Plane Crash in Perm: “Like a Meteorite”
// Aeroflot Boeing crashes on landing
An Aeroflot Nord Boeing 737-500 crashed while landing at Bolshoe Savino Airport in Perm yesterday. All 88 people on board were killed. Among them was Gennady Troshev, former commander of the North Caucasus Military District and presidential advisor on Cossack affairs. Investigators say a fire in one of the engines is the most likely cause of the crash.

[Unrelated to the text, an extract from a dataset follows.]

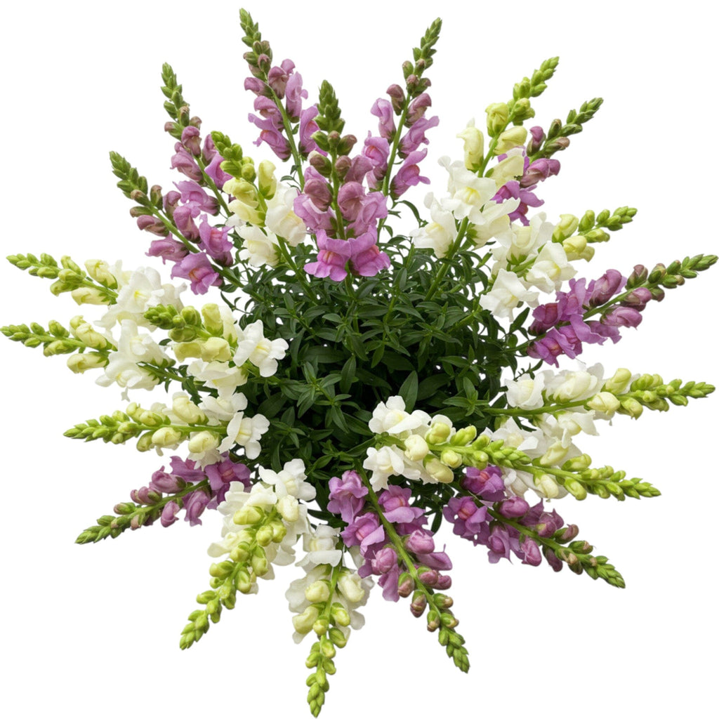- White Snapdragons: symbolizing grace, purity, and innocence, white snapdragons bring a classic, serene feel to any bouquet. Their tall, sculptural blooms add height and elegance, making them a perfect base for sophisticated floral designs.

The flight left Sheremetyevo 1 Airport in Moscow at 1:12 a.m. and was attempting a landing at 3:30, Moscow time, in difficult weather conditions. There was rain and cloud cover at the level of 240 m. The first landing approach was unsuccessful, and the second ended in catastrophe. The plane came down 5-6 km. away from the runways on a railroad line in the Industrial neighborhood of Perm.
“At 5:10 [local time], I was awakened by a powerful roar,” a resident of Tbilisi St. in Perm recounted. “I saw a ball of fire out the window falling to Earth. I immediately got dressed and ran to the spot. It took about ten minutes to get there. The police and firemen hadn’t arrived yet. I saw twisted rails, uprooted posts and small bit of burning wreckage scattered around. There were seats with burned bodies strapped into them in the burning wreckage.” Another eyewitness said that the flames reached almost to the fifth floor of nearby buildings at impact.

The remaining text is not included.